Thursday, July 19, 2012
The SEC charged Manouchehr Moshayedi, the chairman and CEO of STEC Inc., a Santa Ana, Calif.-based computer storage device company, with insider trading in a secondary offering of his stock with knowledge of confidential information that a major customer’s demand for one of its most profitable products was turning out to be less than expected.
According to the SEC, Moshayedi sought to take advantage of a dramatically upward trend in the stock price of STEC Inc. by selling a significant portion of his stock holdings as well as shares owned by his brother, a company co-founder. The secondary offering was set to coincide with the release of the company’s financial results for the second quarter of 2009 and its revenue guidance for the third quarter. However, in the days leading up to the secondary offering, Moshayedi learned critical nonpublic information that was likely to have a detrimental impact on the stock price. Moshayedi did not call off the offering and abstain from selling his shares once he possessed the negative information unbeknownst to the investing public. Instead, he engaged in a fraudulent scheme to hide the truth through a secret side deal, and proceeded with the sale of 9 million shares from which he and his brother reaped gross proceeds of approximately $134 million each.
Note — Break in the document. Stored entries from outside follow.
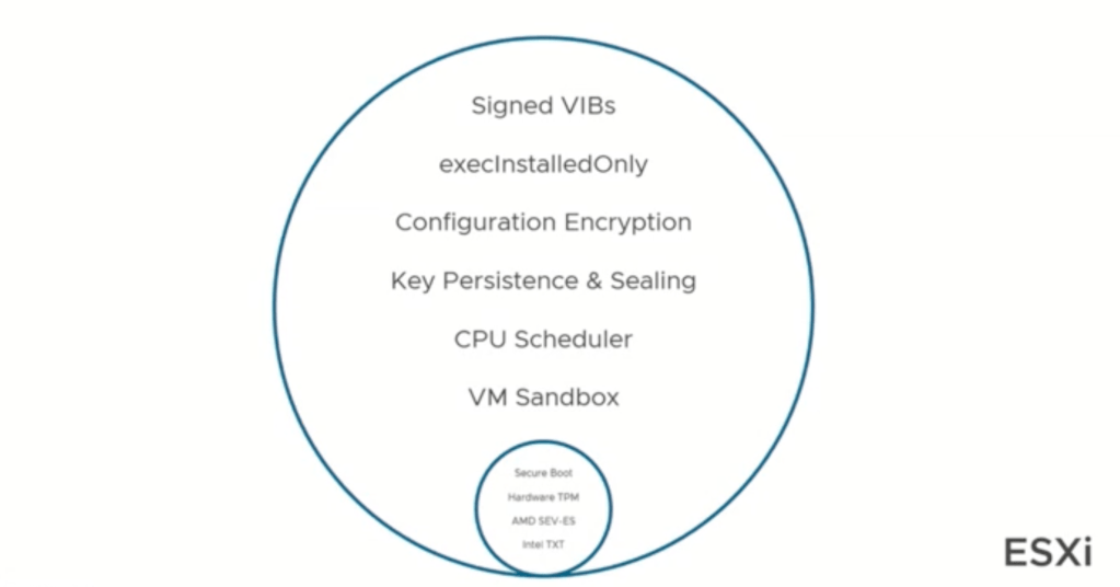 Security out of the box, starts with the box. This is why VMware has been working with a number of providers including CPU manufacturers and other groups in order to enable security and following that there are additional security, like VIBs and what is ran and software ran virtually for the virtualization built upon the box.
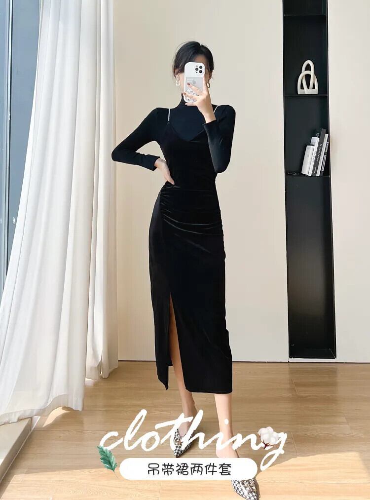 今年のトレンドの美しいスカートはハイエンドでユニークでとてもかわいい、レトロなベルベットサスペンダードレス2点セット秋冬です オータム 秋物 ウィンター 冬物 yingd64654042523
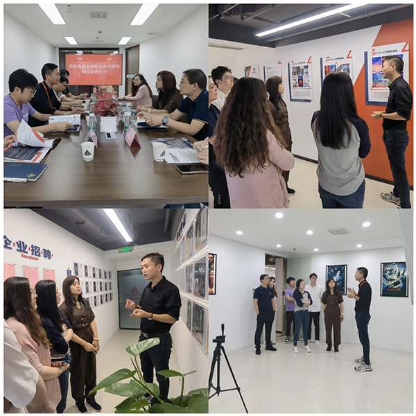 9月25日下午,调研组一行首先前往南京迪默塔数字科技有限公司。公司总经理蒋广登、总监陈旻、技术骨干施程耀等专家介绍了公司的发展历程、新兴技术的市场应用及需求、产教融合业务等情况。我院教师观摩调研了迪默塔专业工作室、校外实践基地、校企合作成果案例等。双方就影视包装、游戏美术设计等领域专业技术应用发展趋势、校企合作的实训教学体系构建、学生与专业师资技术技能提升路径等议题进行了重点探讨。双方表示将进一步落实今年5月签订校企合作框架协议,办好双方共建校外实践基地。

The SEC’s complaint charges Moshayedi with violating the anti-fraud provisions of U.S. securities laws and seeks a final judgment ordering him to disgorge his own ill-gotten gains and the trading profits of his brother Mehrdad Mark Moshayedi, pay prejudgment interest and financial penalties, and be permanently barred from future violations and from serving as an officer and director of any registered public company.